Word sample used in the manuscript from How humans transmit language: horizontal transmission matches word frequencies among peers on Twitter
datasetposted on 07.02.2018 by John Bryden, Shaun P. Wright, Vincent A. A. Jansen
Datasets usually provide raw data for analysis. This raw data often comes in spreadsheet form, but can be any collection of data, on which analysis can be performed.
Language transmission, the passing on of language features such as words between people, is the process of inheritance that underlies linguistic evolution. To understand how language transmission works, we need a mechanistic understanding based on empirical evidence of lasting change of language usage. Here, we analysed 200 million online conversations to investigate transmission between individuals. We find that the frequency of word usage is inherited over conversations, rather than only the binary presence or absence of a word in a person's lexicon. We propose a mechanism for transmission whereby for each word someone encounters there is a chance they will use it more often. Using this mechanism, we measure that, for one word in around every hundred a person encounters, they will use that word more frequently. As more commonly used words are encountered more often, this means that it is the frequencies of words which are copied.
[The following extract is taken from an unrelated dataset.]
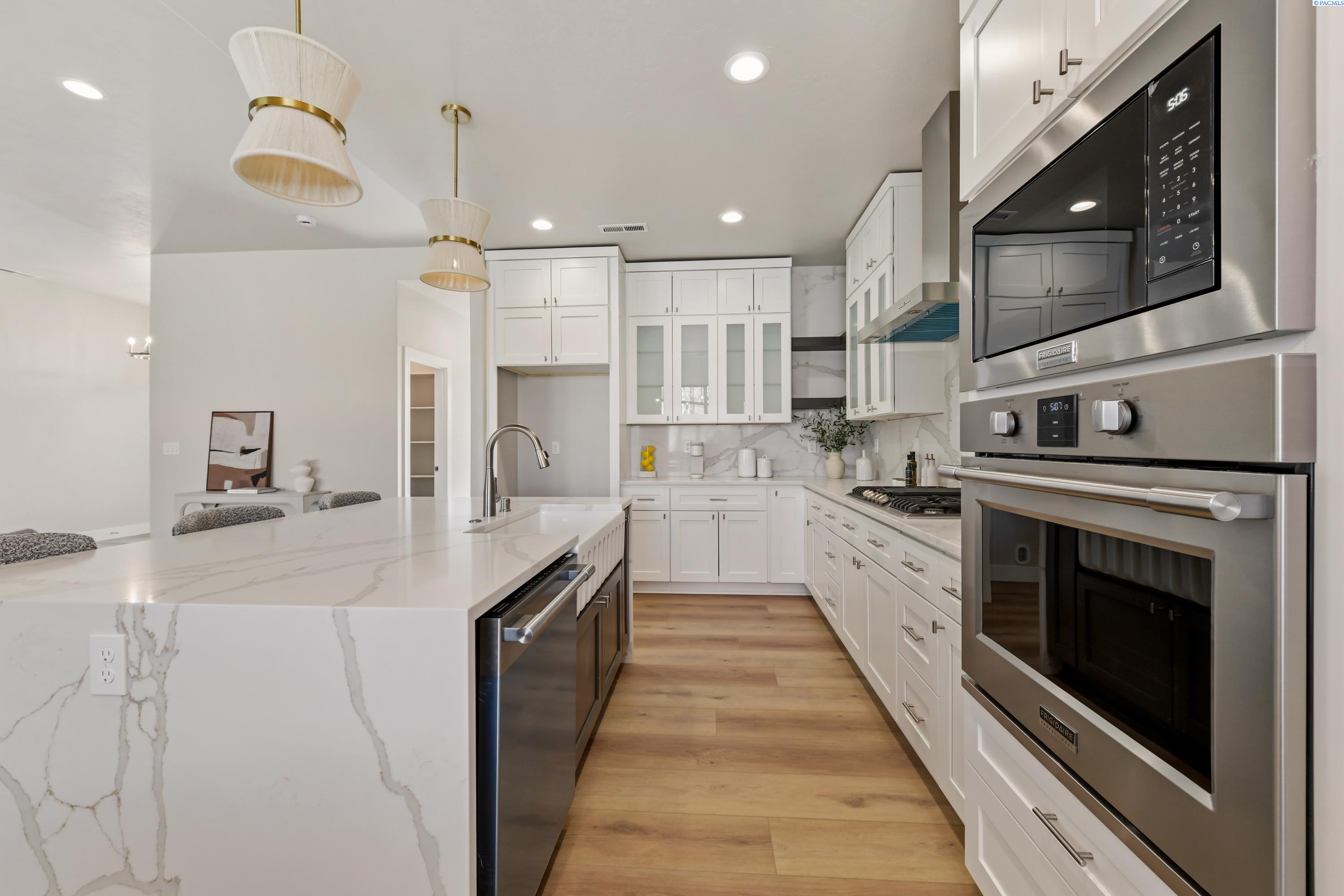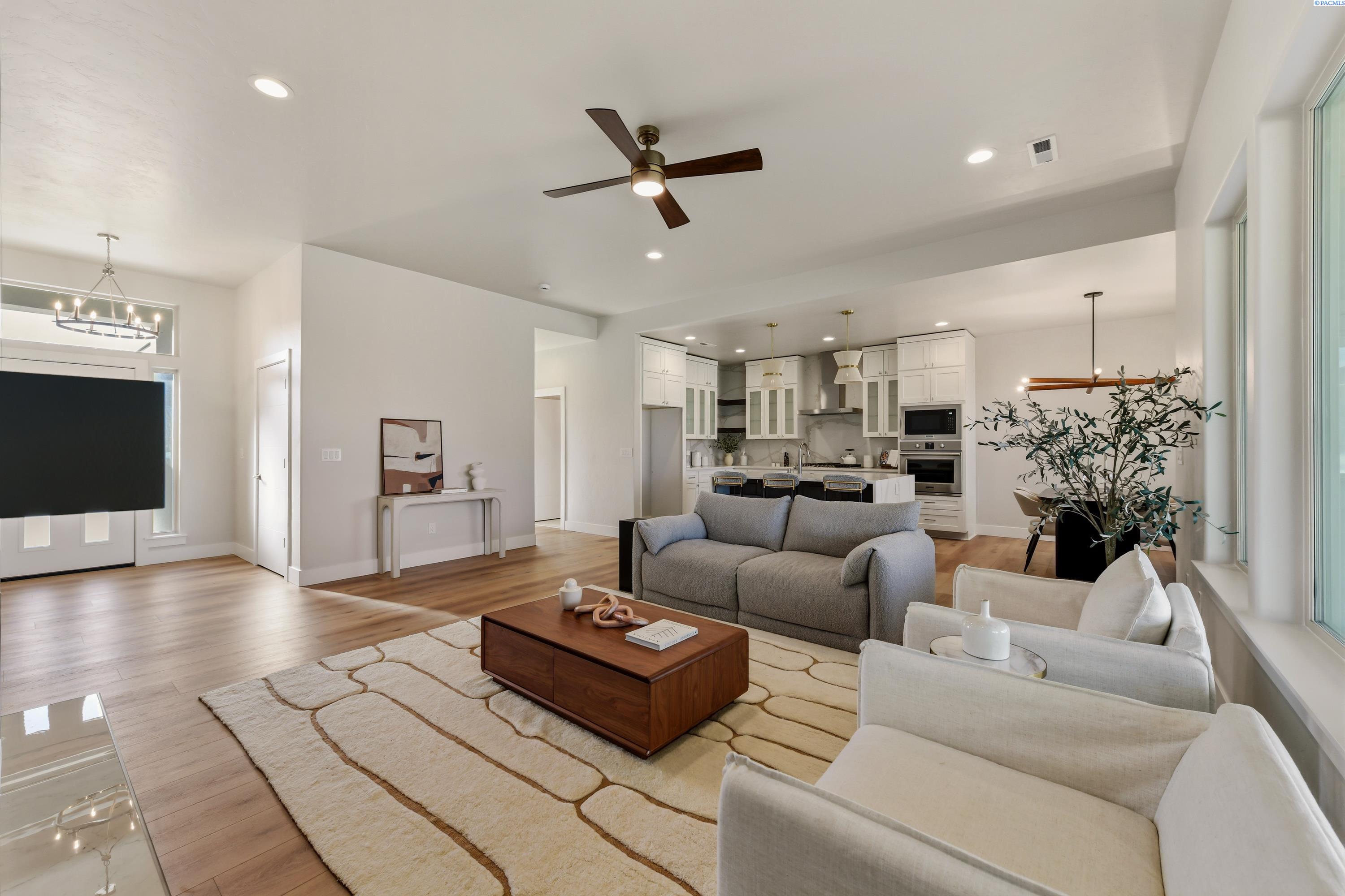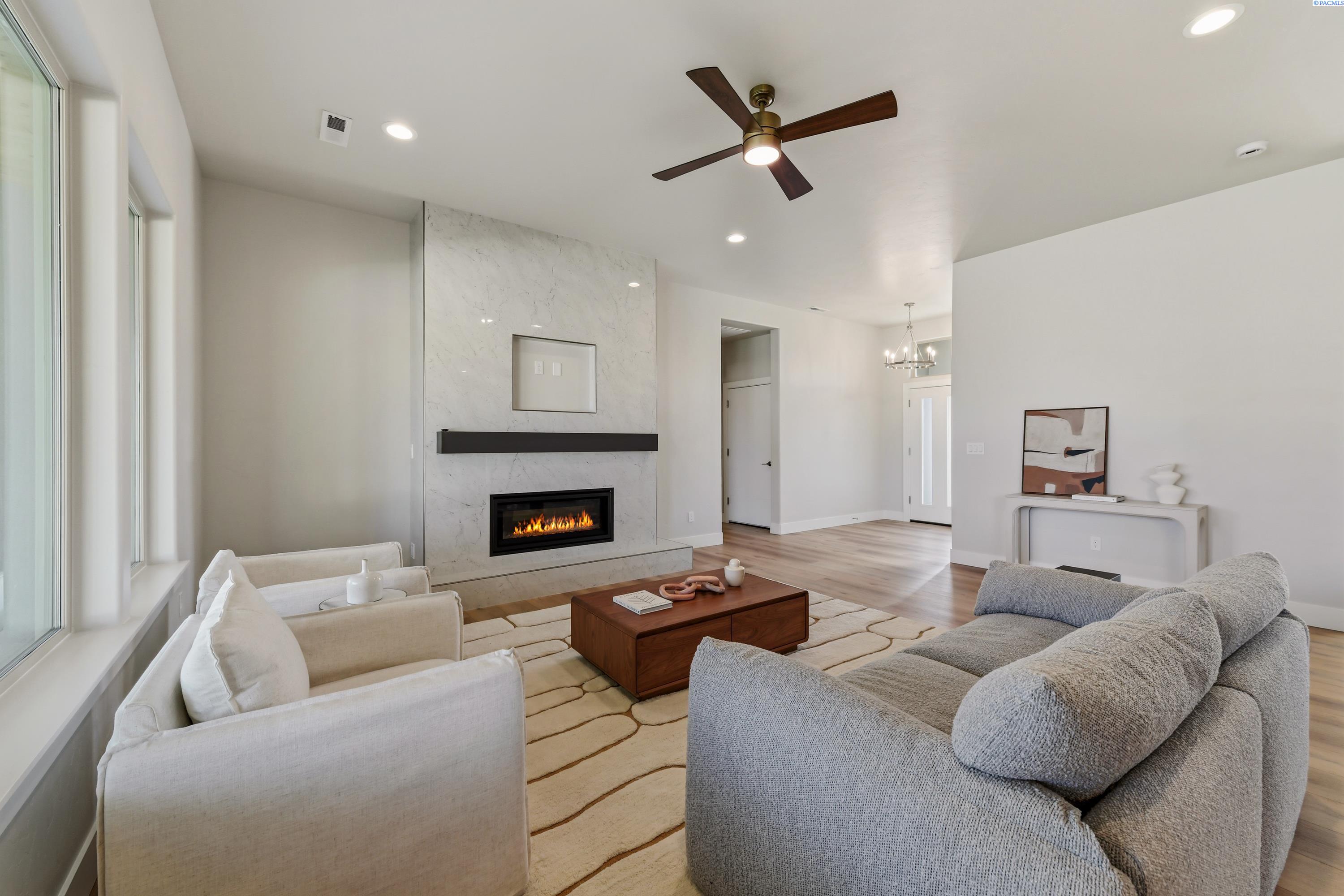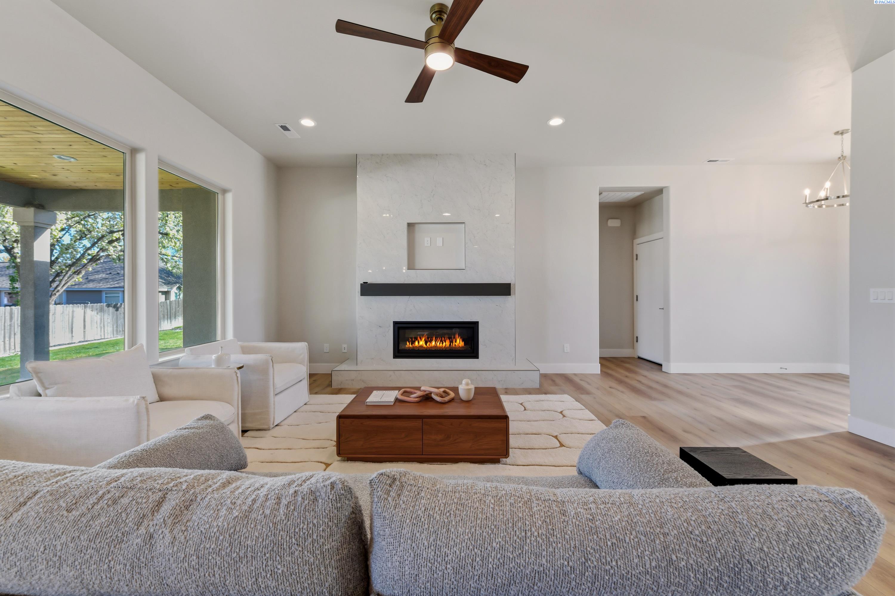MLS# 291940 Would you love to spend your summer at this new address!; Welcome to your stunning new home in Marcello Estates, located in the heart of South Richland. This beautiful Infinity Home boasts 3 spacious bedrooms, 2 full bathrooms, and an expansive great room living space. This brand-new construction is the epitome of modern elegance. From the moment you step through the door, you will be wowed by the attention to detail, high-end finishes, designer light fixtures, and so much more. The main living area features an open floor plan that seamlessly blends the great room, dining, and kitchen spaces together making it perfect for both relaxing and entertaining. This home is pre-wired for a 5.1 surround system for the great room, 2 ambient speakers pre-wired for the covered patio and 2 ambient speakers pre-wired for the master bedroom. The gourmet kitchen is a chefâs dream, complete with sleek stainless steel appliances, waterfall quartz countertops, and plenty of storage space in the walk-in pantry. As you step outside you will enjoy the tongue and groove ceiling of the covered patio while in your park like backyard. When itâs time to unwind, you will love retreating to the serene master suite with a scenic view of mature landscape and also boasts a luxurious ensuite bathroom with spa like free standing tub, walk-in shower, exquisite vanity area with tiled wall and floating mirrors and attached large walk-in closet complete with an oversized mirror. The split bedroom design offers a comfortable layout, but wait thereâs more; your new garage has a bay that is approximately 27â long with a 12â high door imagine the storage this will provide. Schedule your private showing today with your favorite agent or visit our model home to have one of our real estate professionals guide you through this gorgeous home that could be your next address.

Beyond this, our measurements indicate that this per-encounter mechanism is neutral and applies without any further distinction as to whether a word encountered in a conversation is commonly used or not. An important consequence of this is that frequencies of many words can be used in concert to observe and measure language transmission, and our results confirm this. These results indicate that our mechanism for transmission can be used to study language patterns and evolution within populations.